Rugby World Cup thoughts

Mum and Dad have Sky so I've watched a few games since Saturday, and to my slight surprise I've enjoyed at least some of what I've seen. I'm pretty clueless about rugby - it seems a very unnatural game to me - but I've got some idea about formats and scheduling of competitions, and in that regard the World Cup could do better.

1. One of the Samoan blokes (the coach?) said the schedule discriminates against the less-fancied teams, and he's dead right. It's particularly tough on the better less-fancied teams like Samoa who have a realistic chance of progressing to the knockout stages. The best sides play all their games at the weekends, giving them nice seven-day intervals between matches, while the weaker teams face four-day turnarounds. They should follow their football World Cup where they play two games from Pool A, then two from B, then two from C...
Admittedly five-team pools make matters more complicated (one team will have to finish their pool games before the other four) but the current schedule, which heavily favours the best teams, could be vastly improved upon.

2. Why did they make the draw years in advance of the tournament? So much can change in two years; good teams can become average and vice-versa. For instance Argentina, who were ranked fourth when the draw was made, are now (I think) ninth! In the interest of fairness (to avoid a big imbalance in the strength of the pools) they should again take a leaf out of football's book and do the draw eight months or so prior to the competition.

3. Yes I know Christchurch had a series of catastrophic earthquakes that meant they couldn't play there, but shutting the whole of the South Island out of the knockout stages of the World Cup is, in my opinion, shocking.
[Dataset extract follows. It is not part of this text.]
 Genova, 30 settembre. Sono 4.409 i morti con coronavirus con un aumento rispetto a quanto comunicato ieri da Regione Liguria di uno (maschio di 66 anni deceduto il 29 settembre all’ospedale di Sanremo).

They spent serious money on the stadium in Dunedin, which has so far been a big success, so why aren't they playing one of the quarter-finals down there? OK its capacity is "only" 40,000 but for just one quarter-final I don't see that being a problem.
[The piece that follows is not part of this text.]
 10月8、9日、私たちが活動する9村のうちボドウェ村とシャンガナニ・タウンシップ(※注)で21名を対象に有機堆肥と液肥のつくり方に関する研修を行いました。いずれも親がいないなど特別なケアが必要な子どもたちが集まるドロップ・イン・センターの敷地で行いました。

4. Once again there have been too many blowouts. I'm not a big enough rugby fan to appreciate all the amazing play involved when South Africa thrash Namibia. Cutting the number of teams to sixteen could help (and would certainly help some of the scheduling issues) but a better solution would be for the "lesser" sides to become more competitive by playing more matches at an international level.

For all that, the World Cup has clearly been a big success so far, and any criticism or advice that I offer should come with a big "I don't really understand rugby" disclaimer.